After the systematic search, literature triage was conducted according to the inclusion and exclusion criteria. The inclusion criteria were as follows: (1) types of studies: a clinical observational study, especially a case-control study; (2) participants: patients with PD diagnosed according to the clinical diagnostic criteria and healthy controls without PD or free of neurological disorders; (3) comparisons: patients with PD and the healthy controls; (4) analytical methods of metabolome: NMR spectroscopy, liquid chromatography (LC)-MS, gas chromatography (GC), and GC-MS; (5) types of metabolomics: untargeted and targeted; (6) samples: feces; and (7) primary outcomes: fecal metabolites. The exclusion criteria were as follows: (1) participants’ antibiotic use within the preceding 3 months or probiotic use within the preceding 1 month; (2) analytical methods of metabolome: computational models; and (3) no data were reported. The selection process was carried out by two authors independently.
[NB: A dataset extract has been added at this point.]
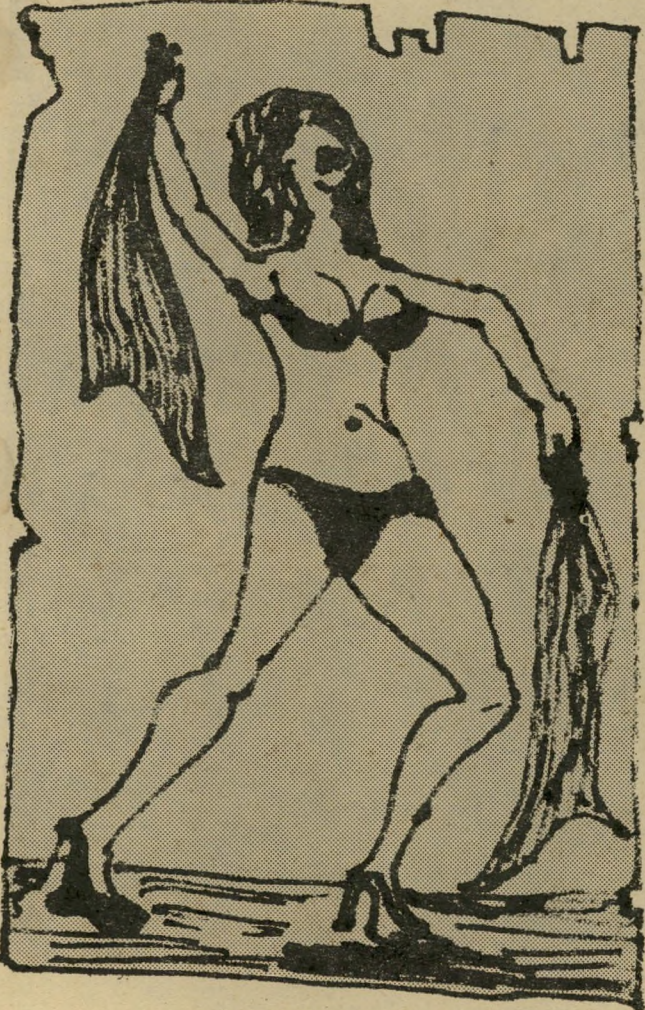
מופע סטריפטז'ו הסרת החסינות

(המשך מעמוד 4) אין זה סוד שאדולף היטלר סבל מהיסטריה (אולי לא נכון שבמהלך התקפיו הוא היה משליך עצמו על הריצפה ונושך את השטיח, אבל נכון שהוא בלע הרלי גלולות כדי שזה לא יקרה). סטאלין לקח בהסתיוידות-עורקים, שגרמה לשיגעון-הרדיפה שלו.

The information of eligible studies was extracted. The fecal metabolites whose levels were significantly altered in patients with PD were collected from the eligible studies. According to the types of metabolomics, metabolites collected from the studies of untargeted metabolomics were used for identification, and metabolites collected from the studies of targeted metabolomics were used for validation. Since untargeted metabolomics involves a comprehensive and systematic analysis of metabolites, it is a kind of unbiased analysis that can discover new biomarkers as broadly as possible. Targeted metabolomics involves the analysis of a specific class of metabolites. Untargeted and targeted metabolomics analyses are often used in combination for the discovery and accurate quantification of differential metabolites.

Application of the comparative toxicogenomics database

Comparative Toxicogenomics Database provides links to the curated and integrating data interactions between chemicals and disease. The candidate metabolites, as environmental chemicals, and their data were searched for identification by using the CTD¹. A list of chemicals associated with the term “Parkinson’s Disease” in the CTD was searched through curated association. After the names of candidate metabolites were unitized as the CTD special vocabularies, we compared these metabolites to the list of chemicals associated with the term “Parkinson’s Disease” by using the CTD MyVenn tool.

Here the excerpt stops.